UNIFICACIÓN DE DOCTRINA.RECURSO DE SUPLICACIÓN.NULIDAD.El acceso al recurso de suplicación ha de determinarse en función de la cantidad efectivamente reclamada. En reclamaciones de cantidad inferiores en cuantía al límite previsto para admitir la suplicación, es requisito esencial el supuesto de afectación general.Se estima el recurso de suplicación.Se declara de oficio la nulidad de todo lo actuado.

 
ÍNDICE
CONTENIDO

SENTENCIA

En la Villa de Madrid, a nueve de Febrero de dos mil cinco.
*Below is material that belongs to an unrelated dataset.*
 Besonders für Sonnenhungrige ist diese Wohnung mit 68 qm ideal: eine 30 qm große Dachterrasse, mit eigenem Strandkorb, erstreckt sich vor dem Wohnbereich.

Vistos los autos pendientes ante esta Sala en virtud de recurso para la unificación de doctrina interpuesto por Letrada del Servicio de Salud de Castilla-La Mancha, en nombre y representación de este Servicio de Salud, contra la sentencia dictada el 1 de julio de 2003 por la Sala de lo Social del Tribunal Superior de Justicia de Castilla-La Mancha en el recurso de suplicación núm.1718/2002, que había formalizado la Letrada doña Eva María Díez Peco, en nombre y representación de doña Luz , contra la sentencia del Juzgado de lo Social núm. 3 de Ciudad Real, de fecha 18 de septiembre de 2002, recaída en los autos núm. 482/2002, seguidos a instancia de doña Luz contra el Servicio de Salud de Castilla-La Mancha, sobre prestaciones.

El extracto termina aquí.